On Sun, 12 Oct 2003, Jason Lunz wrote:

> On Sun, Oct 12, 2003 at 10:39AM -0700, dean gaudet wrote:
>
> > mdadm can do it for you ... you need to know exactly which disk was in
> > which position in the raid.  then you recreate the raid using "missing" in
> > the slot where /dev/hde belonged.  then you'll have a degraded array, so
> > md won't try rebuilding it.  then you can copy off the data.
>
> seriously? Did you read the whole thread? mdadm will do the right thing
> even though /dev/hdg was 3% into a resync when /dev/hde died? That would
> be lovely.

yeah it's not gonna be pretty no matter what you try, but you can at least
force md into thinking the remaining disks are part of a degraded raid.
you should mount any fs read-only at this point though.

> > you need to know the exact numberings, and the exact commands you used
> > to create the array in the first place.
>
> How might I go about figuring this out?
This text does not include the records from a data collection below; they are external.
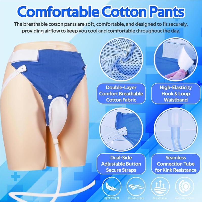 EASY, NATURAL WEARABILITY: With an ergonomic shape that mimics standard underwear, this system fits seamlessly into your day. A flexible urine tube and secure, calf-tied collection bag let you move freely without worries about leaks or discomfort. Embrace hassle-free confidence at home or on the go.
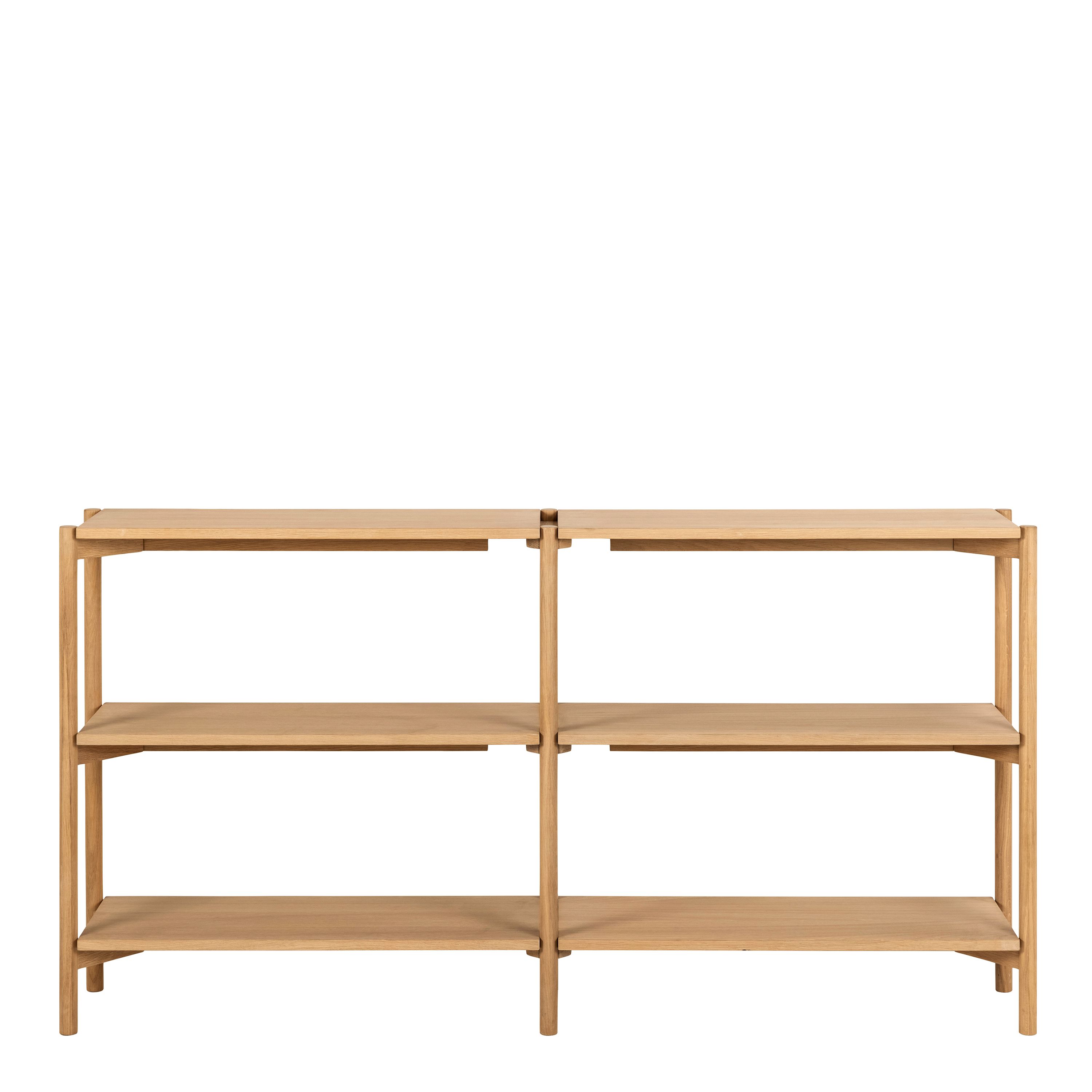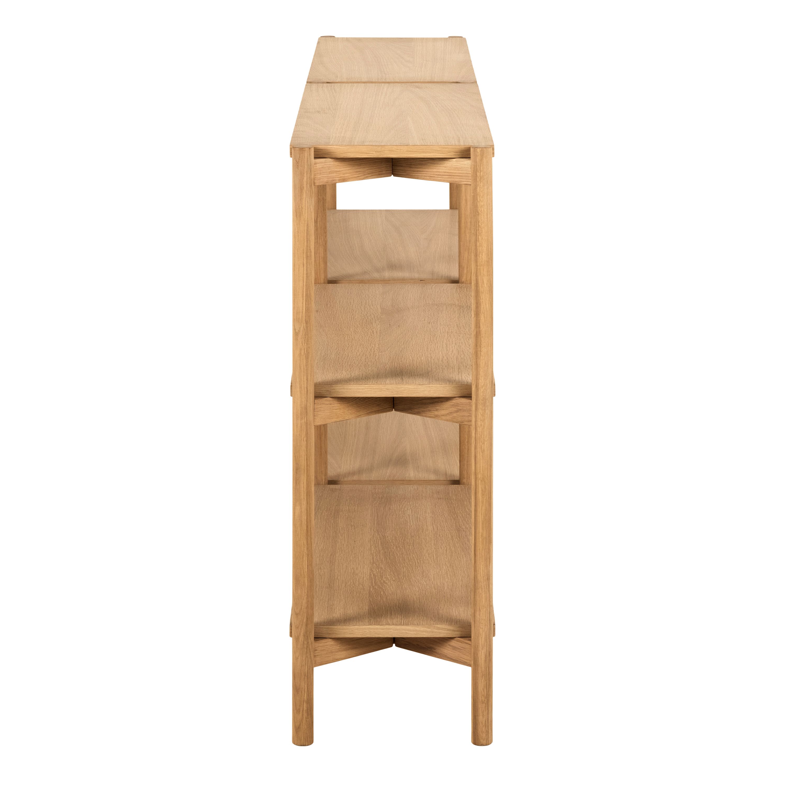 Step into a world of understated elegance with this bookcase, featuring a sturdy frame and base of oiled oak, paired with four ample shelves of oak veneer, ready to display your favorite reads and treasures
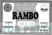 El logotipo conformado por la denominación RAMBO escrita en letras características sobrepuesta a la representación de una bolsa chequera, y demás frases alusivas al producto; al lado superior izquierdo se aprecia el diseño estilizado de una circunferencia de bordes irregulares conteniendo una figura romboide con las letras PR escritas en forma característica, y al lado superior derecho una figura circular con la representación de un paisaje; conforme al modelo adjunto
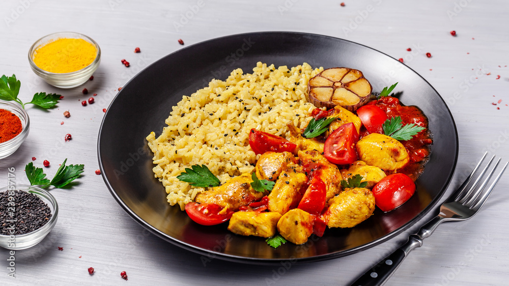 Mexican cuisine. Rice with black sesame. Spicy chicken with curry, paprika, cherry tomatoes and honest. Red Salsa Sauce Serve in a black plate, near spices. Recipe Background Image
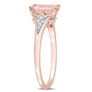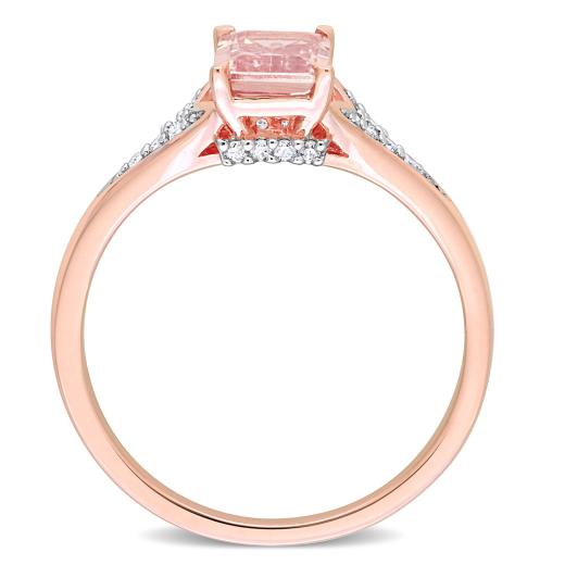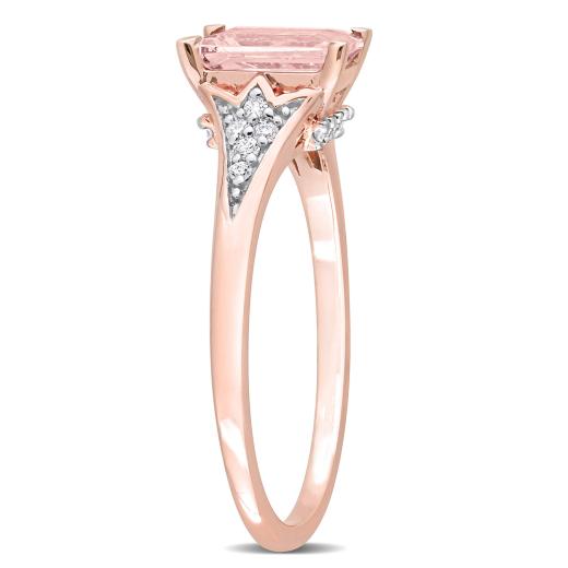 Ask her to spend the rest of her life together with this enchanting Morganite and Diamond Engagement Ring. Crafted in lustrous 10-karat rose gold, this striking engagement ring features one octagon-cut prong-set morganite (7x5mm) gemstone decorated with 18 round-cut, pave-set, buttercup-set diamonds (G-H, I2-I3) on either side. Enhanced with a polished finish, this splendid ring will forever be a symbol of true love and commitment. This engagement ring is comfortable and can be stacked with a matching wedding band.
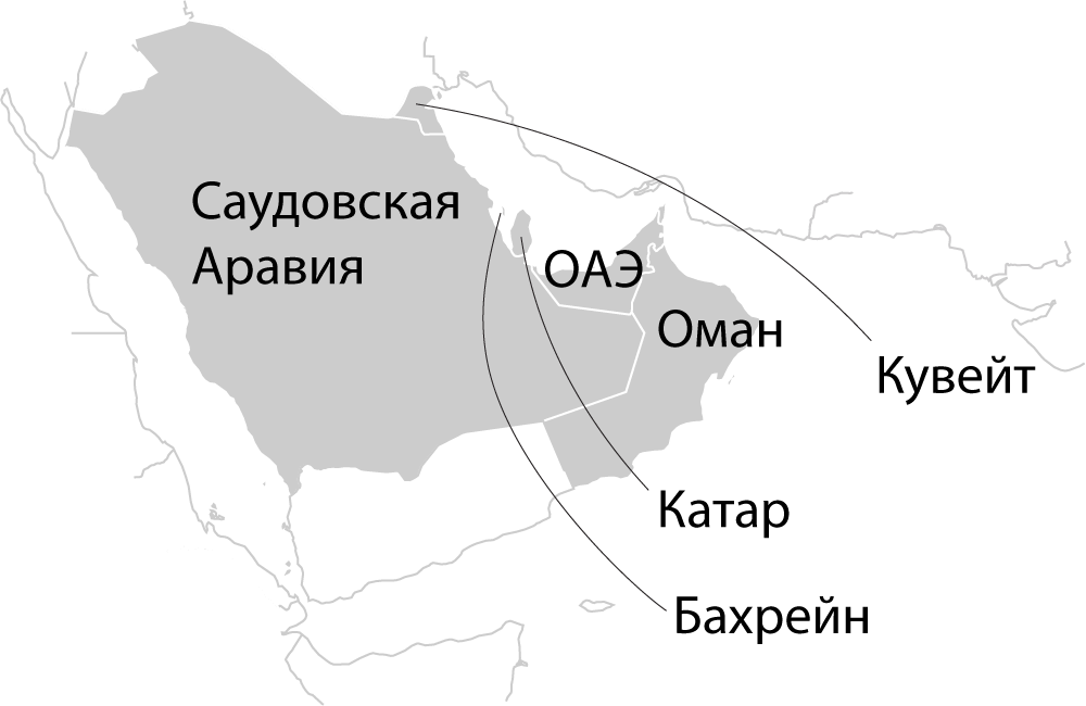 Члены ССАГПЗ: Бахрейн, Катар, Кувейт, ОАЭ, Оман и Саудовская Аравия.
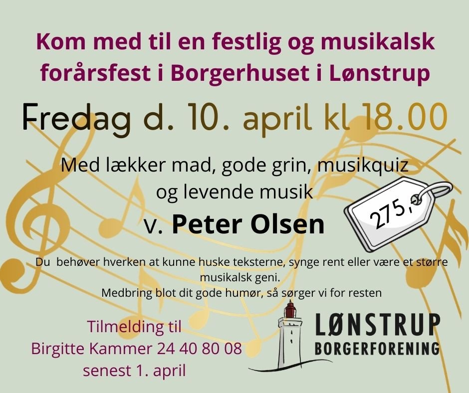 Vi afholder forårs fest i borgerhuset fredag den 10. april 2026.
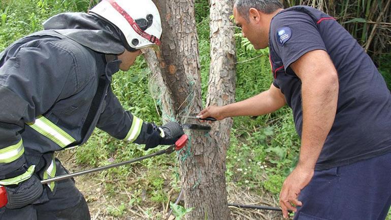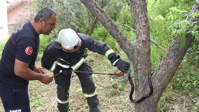 Kökez Mahallesi Belkıs mevkisinde, meskenin bahçesindeki ağaçta yer alan balık ağına dolanan yılanı çırpınırken gören kişi, durumu yetkililere bildirdi. İhbar üzerine olay yerine itfaiye takımı sevk edildi.
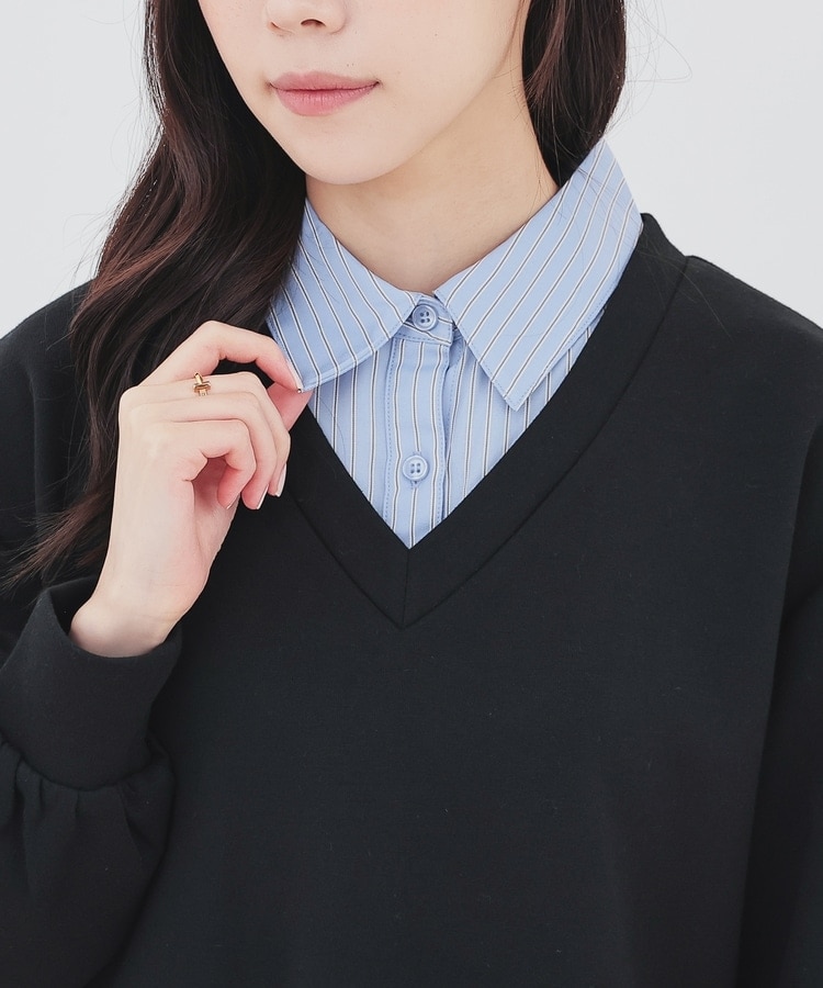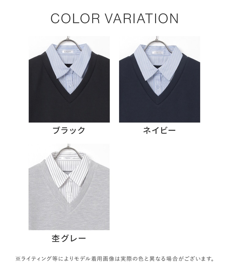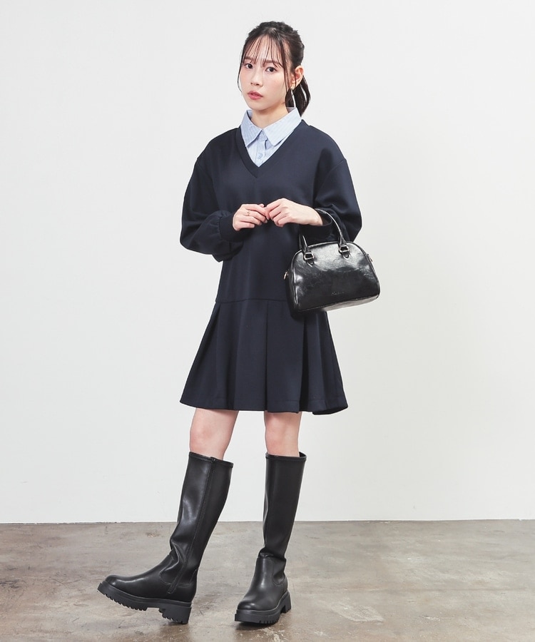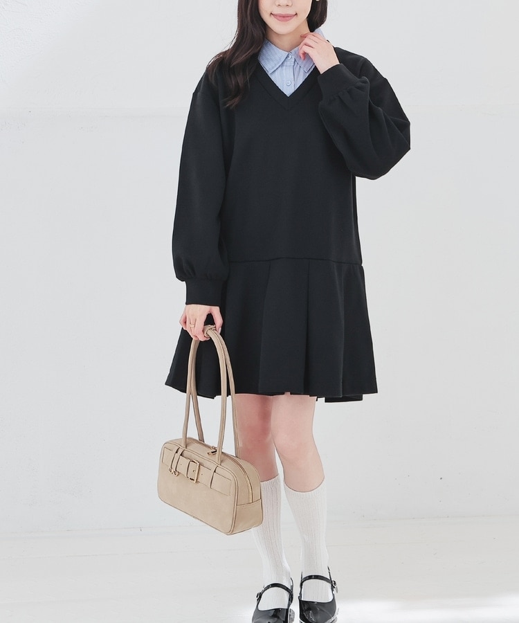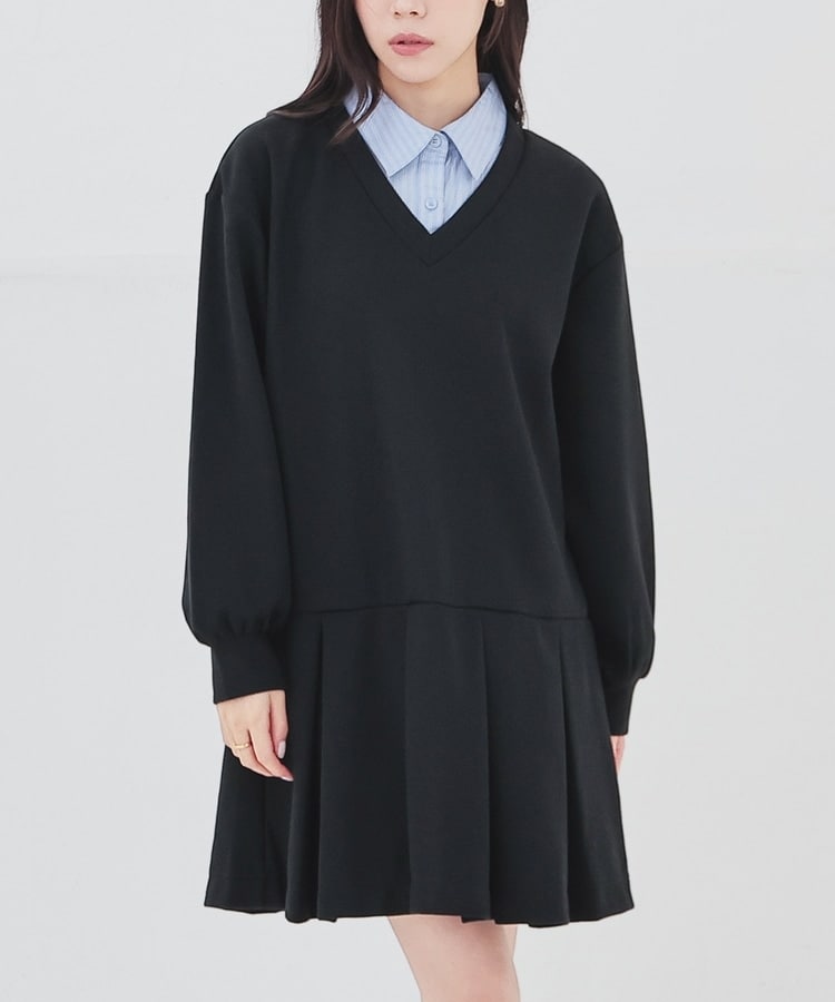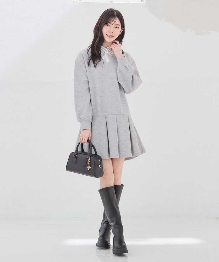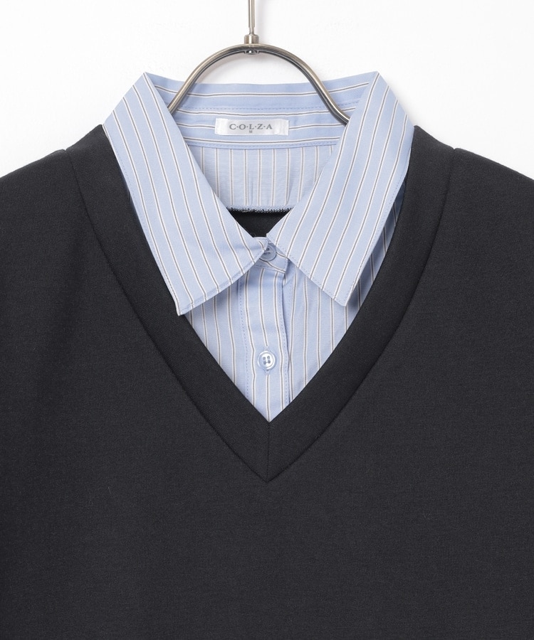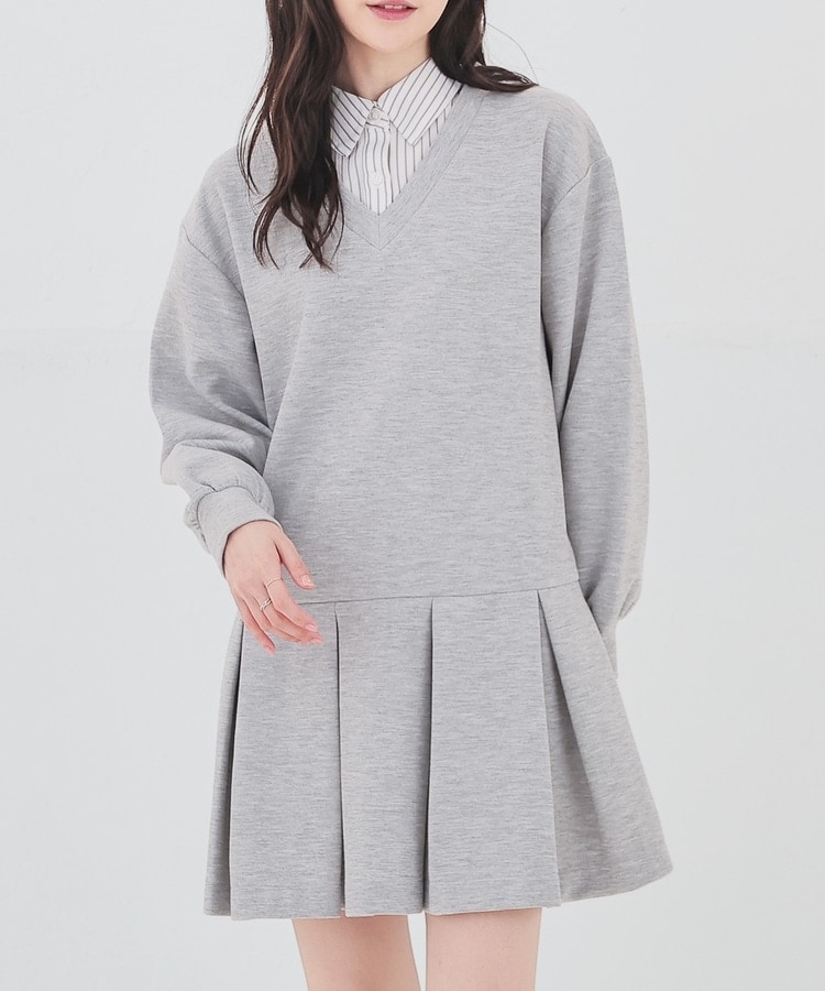 きちんと感のあるレギュラーカラーのシャツ衿とプリーツワンピースをドッキングしたレイヤード風デザイン。

I got a 120G drive yesterday
> that's large enough to capture raw images of all the raid disks, so I
> can try different combinations of commands. What I can't do is look at
> the logs, because the non-raid portion of the now-dead /dev/hde held the
> root, /usr, and /var partitions.

unfortunately if you don't have any logs or any memory of what positions
the disks were in you're kind of screwed.  it's in dmesg after a boot --
in the past i've fetched it from a backup of /var/log/dmesg on another
system.  i.e.:

raid5: device sdh1 operational as raid disk 6
raid5: device sdg1 operational as raid disk 5
raid5: spare disk sdf1
raid5: device sde1 operational as raid disk 4
raid5: device sdd1 operational as raid disk 3
raid5: device sdc1 operational as raid disk 2
raid5: device sdb1 operational as raid disk 1
raid5: device sda1 operational as raid disk 0

unfortunately md doesn't log the chunksize in dmesg... you can get the
chunksize from /proc/mdstat though (which is another place to get the
disk positions).

Personalities : [linear] [raid0] [raid1] [raid5]
read_ahead 1024 sectors
md0 : active raid5 sdh1[6] sdg1[5] sdf1[7] sde1[4] sdd1[3] sdc1[2] sdb1[1] sda1[0]
      720321792 blocks level 5, 64k chunk, algorithm 2 [7/7] [UUUUUUU]

if you've never had any faulty disk and swapped in a spare then your
raid should be in the exact order you originally created it.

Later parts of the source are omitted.